I was never enjoying it. I only eat it for the nutrients.

The Fool posted:

the issue is that there are actually a million different ways to do this. From rolling a web app with an api shim, to config files in a repo, to forms being submitted to a webhook.
Has anyone here used step functions for this kind of stuff? It seems like it would be useful for serverless workflow automations, but I have yet to build anything real on top.

The Fool
Oct 16, 2003


Vulture Culture posted:

I made this for a slide deck so now I have to subject you to it also



foone's death generator has this scene

The Fool
Oct 16, 2003


FISHMANPET
Mar 3, 2007

Sweet 'N Sour
Can't
Melt
Steel Beams

The Fool posted:

the issue is that there are actually a million different ways to do this. From rolling a web app with an api shim, to config files in a repo, to forms being submitted to a webhook.

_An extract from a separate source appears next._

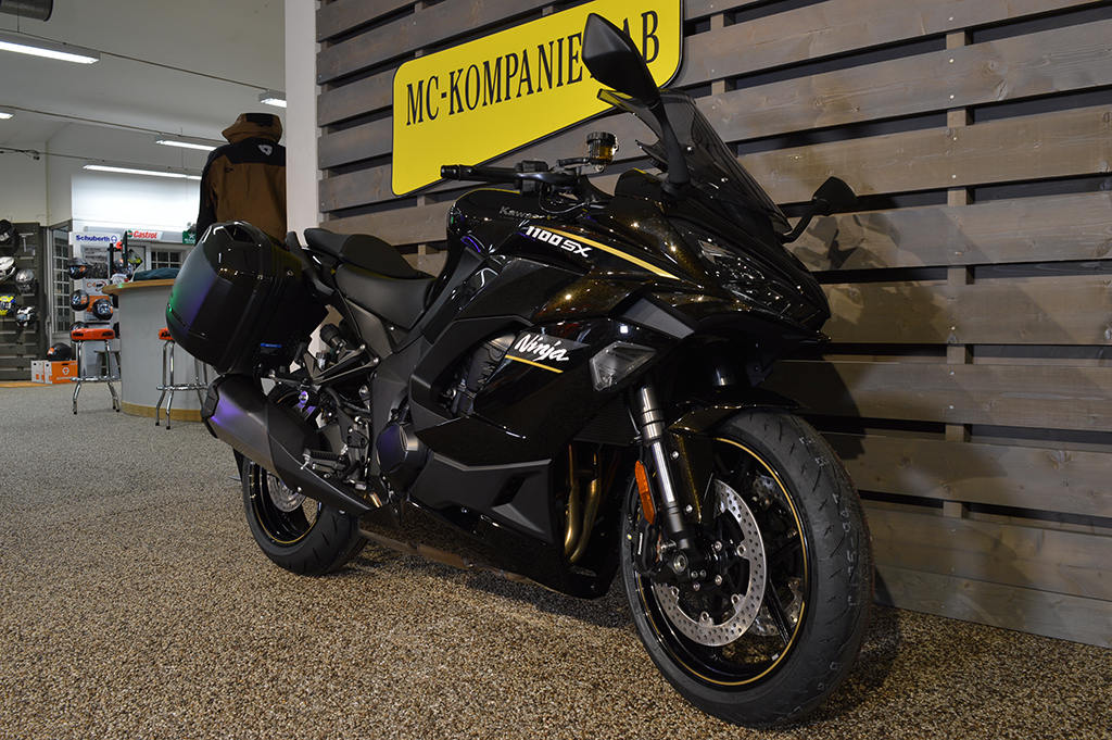 Utrustad med tourerpaket. Tillkommer på priset. Den nya Ninja 1100SX erbjuder det ultimata inom sporttouring. Ninja 1100SX är skapad för att leverera hög prestanda, avancerad teknik och superb komfort för sportåkning och heldagsturer, och sätter en ny standard för sporttouringprestanda. Köp till Performance paket innehållande Akrapovic slip on/cuts/kraschpuck/skyddsfilm tft skärm/tankpad/tonad ruta för 20 100:- eller Touring paket innehållande SP telefonhållare/sidoväskor med innerväskor/12v uttag/skyddfilm tft skärm/tankpad/tonad touringruta/värmehandtag för 19 700:- eller kombinera båda. Monteringskostnad tillkommer 48-månaders fabriksgaranti.

I get nervous coming upon stuff like this, especially when I can't find anybody talking about how they're _actually_ doing it. I'm not that smart, and it's already 2024. I'm not the first person that wants to manage a dynamic set of environments. I could roll out a solution completely home grown in a million different ways, and probably screw up such that the whole thing comes falling down. Where are the blog posts, or conference talk recordings, or whatever, of people talking about how they're actually solving this problem. I'm concerned that the fact that I can't find this information means that it's largely been deemed not to work, and people are instead doing [i[something[/i] and I'd like to learn from their experience but it just feels like this massive black hole.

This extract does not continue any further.